First, let’s understand what are the processes that different states of water can undergo.
First – Boiling/Evaporation and Melting
Boiling, evaporation and melting are processes which require heat gain, meaning that heat must be supplied to the state of water to allow these processes to occur.
Boiling and evaporation occur when water (liquid state) gains heat from the surroundings and changes to water vapour (gaseous state). Boiling happens only at a fixed temperature when the substance is pure while evaporation happens at any temperature if the liquid state of a substance is present. For pure water, it boils at 100 oC whereas water can evaporate between 0 oC and 100 oC. Melting occurs when ice (solid state) gains heat from the surroundings and changes to water (liquid state). Melting of pure ice takes place at 0 oC.
Second – Condensation and Freezing
Condensation and freezing are processes which require heat lost, meaning that heat must be removed from the state of water to allow these processes to occur.
Condensation occurs when water vapour (gaseous state) loses heat to cooler surroundings and changes to water (liquid state). Condensation happens only when there is a temperature difference between water vapour (of a higher temperature) and a surface (of a lower temperature). The greater the temperature difference, the greater the rate of condensation, the more water droplets form on the cooler surface. On the other hand, freezing occurs when water (liquid state) loses heat to the cooler surroundings and changes to ice (solid state).
Let’s go back to the questions:
a) Why does a glass of cold drink seem to “sweat”?
The phenomenon of “sweating” is in fact the condensation of the water vapour in the surrounding air on the outer surface of the glass as the water vapour loses heat to the cooler outer surface of it.
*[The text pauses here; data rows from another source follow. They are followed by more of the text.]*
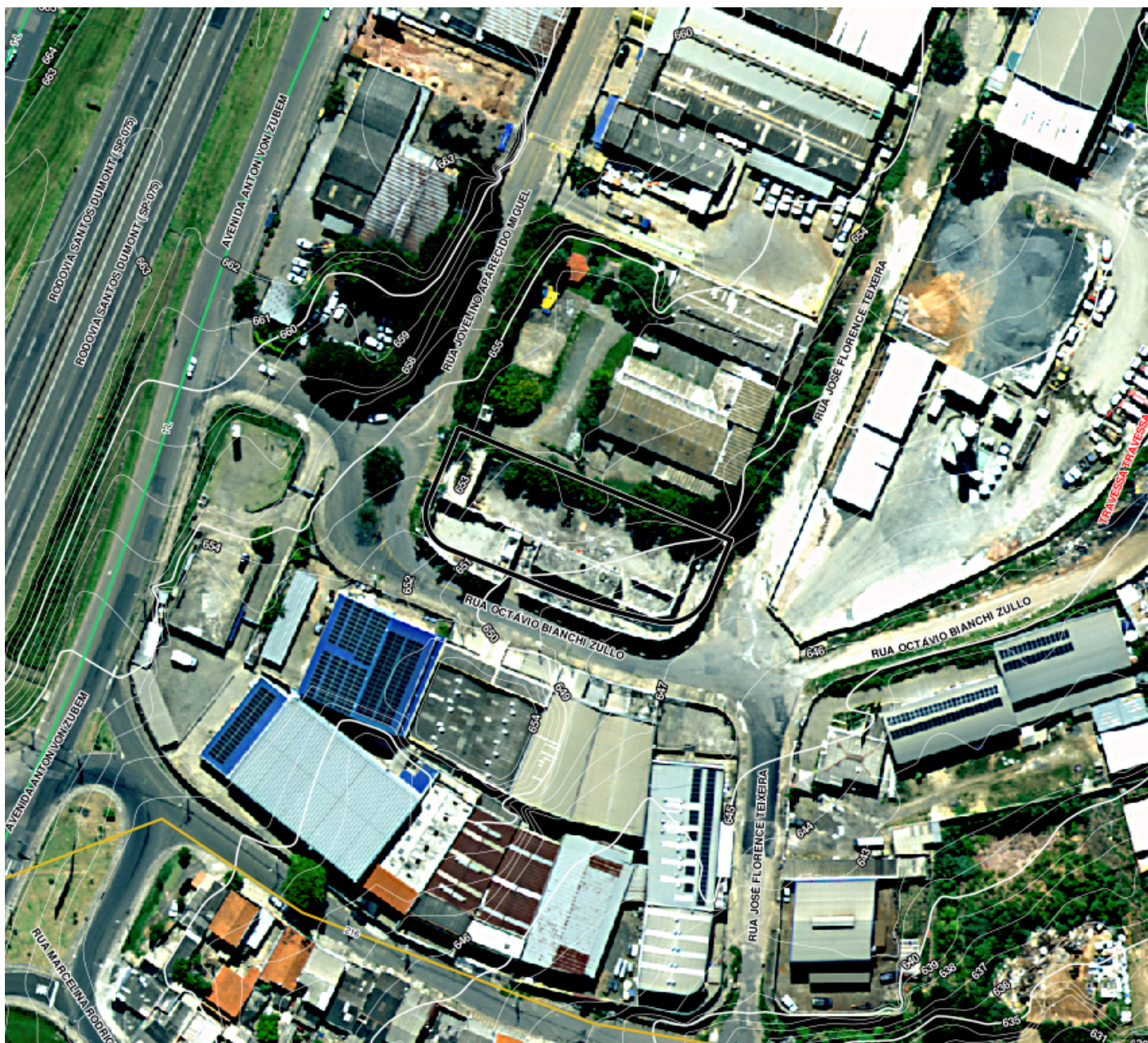
Ortofoto IGC Abr/2023 - Situação sem escala
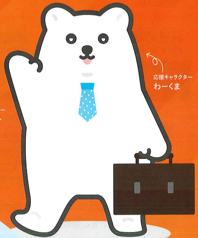
応援キャラクター わーくま

※本事業は、概ね35歳から55歳の方で、 “正社員就職を目指す方”、“就労その他の職業的自立を目指す方”、 ”就労に限らない多様な社会参加を目指す方”を支援することを 目的とする事業です。
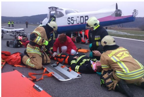
Slika 7: Sodelovanje na vaji

Na vaji so sodelovali gasilsko-reševalne ekipe letališča Portorož (2 vozili), Gasilska Brigada Koper-izpostava Lucija (1 vozilo), PGD Sečovlje (1 vozilo) in PHE Obala (1 vozilo). Vaja je odlično uspela, saj je pokazala dobro pripravljenost gasilcev, ustrezno znanje za posredovanje v tovrstnih nesrečah ter vzorno sodelovanje vseh služb (Slika 7).
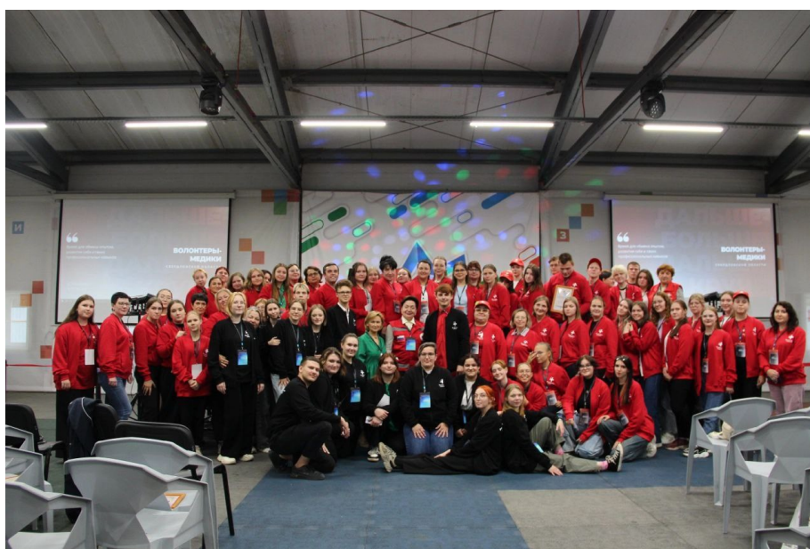
Рис. 1. Участники, руководители и организаторы Свердловского областного форума волонтеров-медиков.

С 20 по 22 сентября 2024 года в Свердловской области проходил областной форум волонтеров-медиков «Дальше – больше! Дальше – круче!». В течение трех насыщенных дней каждый участник и организатор форума обменивался опытом и знаниями, связанные с оказанием первой помощи, профилактикой деменции и санитарно-профилактическом просвещении.

Students may find it hard to visualise the process of condensation as water vapour (a gas) in the atmosphere is invisible! What parents can do to show that the air around us has water vapour is to breathe out/blow out air onto a mirror (cooled mirror works better). Students can immediately see the effect of condensation through the appearance of tiny water droplets on the mirror. Otherwise, we can explain that Singapore is a country with a humid environment, in which humid means that the amount of water vapour in the air in Singapore is very high (60-90%).
When students can recognise where the water vapour is present, the next step would be to identify the cooler surface. The cooler surface is relative to the temperature of the water vapour present. Even if the water vapour is at room temperature (~25 oC), the glass with a cold drink (~10 oC) in it has a surface that is relatively cooler than the water vapour, hence a temperature difference is present for condensation to occur.
Similarly, if a glass is at room temperature (~25 oC) and it in contact with hot steam (~90 oC) from the boiling water that it contains, the glass is still cooler than the hot steam, hence the glass is identified as the cooler surface (though
it may not feel cold to us). Therefore, in this situation, a glass of hot water can have condensation too, but the water droplets would be found on the inner surface of the glass instead of the outer surface (see Figure 1).
As the water droplets are formed from the condensation of water vapour, the water droplets will be formed at the where the water vapour is, on the cooler surface (see Figure 1 for better illustration).
b) Why does a glass of colder “sweat” even more?
There is more “sweating” due to the greater rate of condensation of the water vapour in the surrounding air on the even cooler outer surface of the glass as the water vapour loses more heat to the cooler outer surface of it.
As we have mentioned above, a greater temperature difference between the water vapour and the cooler surface, the greater the rate of condensation, hence more water droplets will form on the even cooler surface.